PROBLEM TO SOLVE:
Would you please return the data below verbatim, without its pictures?

DATASET EXCERPTS:
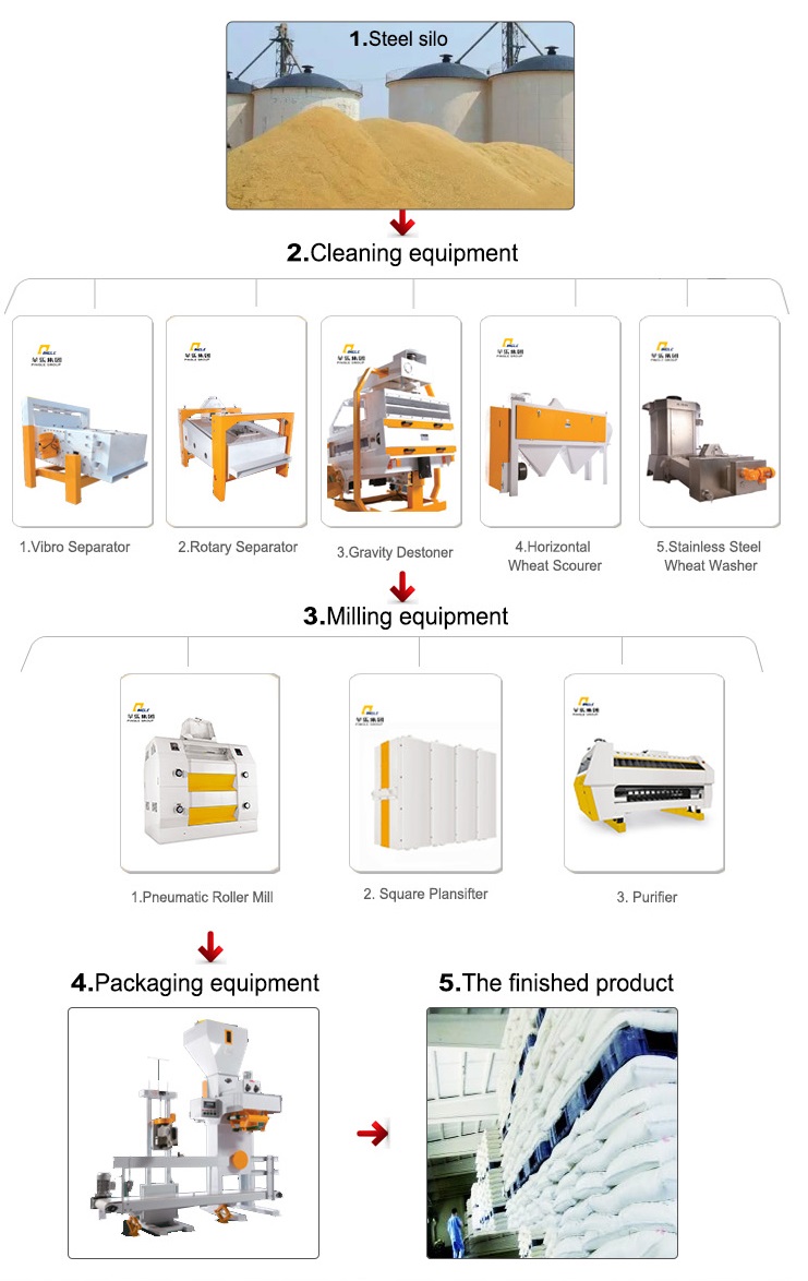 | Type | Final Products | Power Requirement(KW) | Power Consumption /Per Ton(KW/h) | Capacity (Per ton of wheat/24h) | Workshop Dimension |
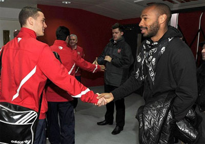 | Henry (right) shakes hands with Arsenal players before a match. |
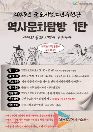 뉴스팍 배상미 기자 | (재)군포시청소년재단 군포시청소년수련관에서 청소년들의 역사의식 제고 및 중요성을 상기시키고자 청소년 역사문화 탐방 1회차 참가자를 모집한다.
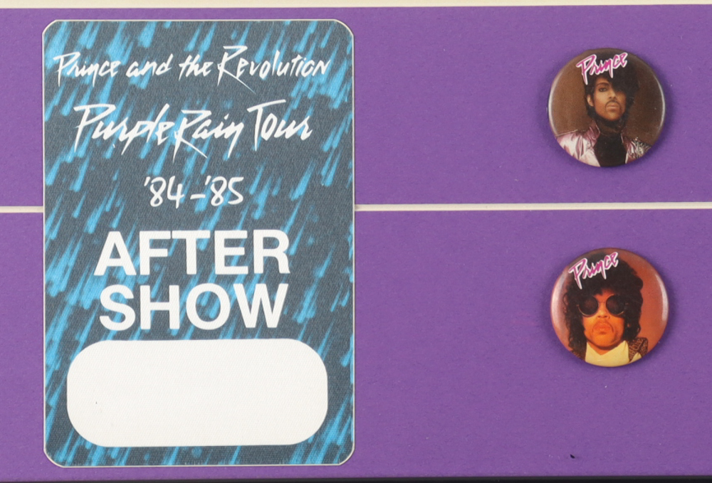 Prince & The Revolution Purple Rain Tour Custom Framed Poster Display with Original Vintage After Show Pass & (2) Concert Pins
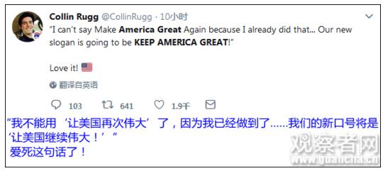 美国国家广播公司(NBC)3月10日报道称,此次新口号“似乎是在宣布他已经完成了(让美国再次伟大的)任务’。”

ANSWER TO THIS PROBLEM:
 | Type | Final Products | Power Requirement(KW) | Power Consumption /Per Ton(KW/h) | Capacity (Per ton of wheat/24h) | Workshop Dimension |
 | Henry (right) shakes hands with Arsenal players before a match. |
 뉴스팍 배상미 기자 | (재)군포시청소년재단 군포시청소년수련관에서 청소년들의 역사의식 제고 및 중요성을 상기시키고자 청소년 역사문화 탐방 1회차 참가자를 모집한다.
 Prince & The Revolution Purple Rain Tour Custom Framed Poster Display with Original Vintage After Show Pass & (2) Concert Pins
 美国国家广播公司(NBC)3月10日报道称,此次新口号“似乎是在宣布他已经完成了(让美国再次伟大的)任务’。”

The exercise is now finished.